George Gibson CH (3 April 1885 – 4 February 1953) was a British mental hospital attendant, trade unionist and public servant who was General Secretary of the National Asylum Workers' Union, later renamed the Mental Hospital and Institutional Workers' Union, from 1913 to 1947, then of the Confederation of Health Service Employees, into which the previous union merged, from 1947 to 1948. He was ruined through his largely innocent association with the fraudster Sidney Stanley, which was exposed by the Lynskey Tribunal in 1948.

Gibson was born in Calton, a suburb of Glasgow, the son of Irish-born Johnston Gibson, a drysalter (maker of vinegar and castor oil) who later successively owned a fish and chip shop, a fish shop and a newsagent. Gibson's mother, Mary, was Scottish. Although he was a good scholar, Gibson left school at the age of eleven and held a variety of jobs before moving to England in 1910 to become an attendant at Winwick Asylum in Warrington.

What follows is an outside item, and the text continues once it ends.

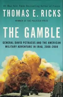 The Gamble: General David Petraeus and the American Military Adventure in Iraq, 2006–2008 is a 2009 book by journalist Thomas E. Ricks about the Iraq War. It covers the 2006–2008 period where his last book Fiasco left off. A primary focus is the Iraq War troop surge of 2007, along with the ascension to command of Gen. David Petraeus and the change in approach of Gen. Ray Odierno towards the use of counter-insurgency strategies.[1] Ricks believes that the troop surge was successful in reducing violence in Iraq and "reviv[ing] American prospects in the war," but that it was a failure based on its initial goal of bringing about a political reconciliation in Iraq.

On 10 July 1910 he became one of the co-founders of the National Asylum Workers' Union and was elected its first Secretary. He became vice-president in 1911 and Assistant Organising Secretary in 1912. In 1913 he became full-time General Secretary. The union was renamed the Mental Hospital and Institutional Workers' Union in 1930 and amalgamated with others to form the Confederation of Health Service Employees (COHSE) in 1947. Gibson remained General Secretary throughout these changes, but resigned in 1948. He represented the Trades Union Congress on the Nurses Salaries Committee chaired by Lord Rushcliffe which published two reports in 1943. He was elected to the General Council of the Trades Union Congress in 1928 and remained a member until his retirement in 1948. He chaired the General Council and was President of the TUC from 1940 to 1941.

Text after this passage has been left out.